En quelques semaines, j’ai beaucoup progressé. Tous les matins, je m’entraîne aux arts martiaux et au combat à mains armées et l’après-midi, je travaille sur la précision de mes tirs. Et bien évidemment, entre deux, je fais d’autres activité tel que la cuisine ou le ménage. Les jours où les jumeaux ou Ruben partent en mission, je continue de m’entraîner toute seule pour ne pas perdre la main. Je me suis également beaucoup rapproché de la quasi-totalité de l’équipe des Buglosses ce qui rend les journées plus agréables. Comme eux, j’ai fini par abandonnée les formules de politesse et par les appeler par leurs prénoms ce qui est bien plus simple étant donné que je vais rester ici encore quelque temps. Je n’ai toujours pas trouvé un nouveau travail ou un logement donc pour le moment, M. Navarro m’autorise à rester au manoir.
Nous avons fini de dîner quand M. Navarro explique le prochain voyage qu’ils feront.
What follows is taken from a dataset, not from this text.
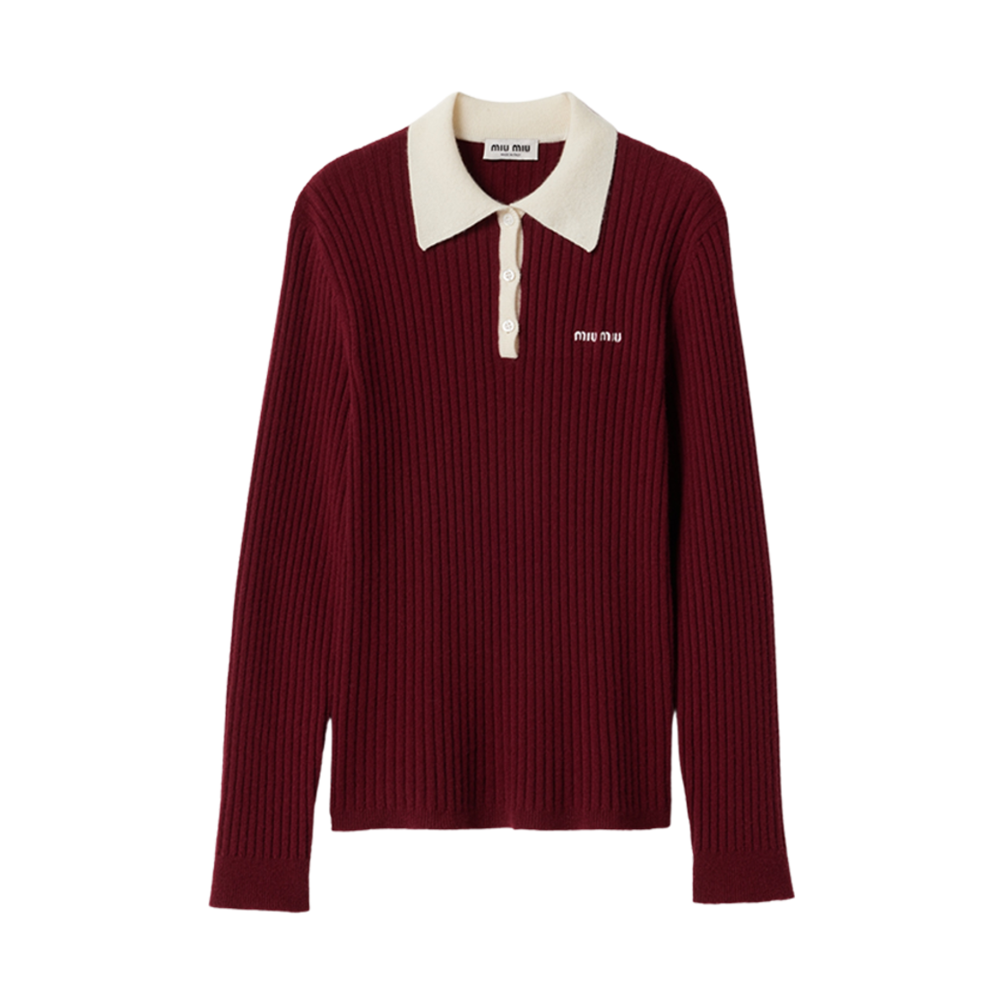 (W) 미우 미우 립드 캐시미어 폴로 셔츠 아마란스 내츄럴

Comme d’habitude, il explique le but de leur nouvelle tâche et les rôles de chacun. C’est la première fois que je les vois tous partir, surtout pendant plusieurs jours. Avec Elric, nous resterons ici. Je me demande pourquoi il ne prend jamais part aux missions. La prononciation de mon prénom me sort de ma réflexion. Je relève la tête vers M. Navarro pour savoir ce qu’il a à me dire.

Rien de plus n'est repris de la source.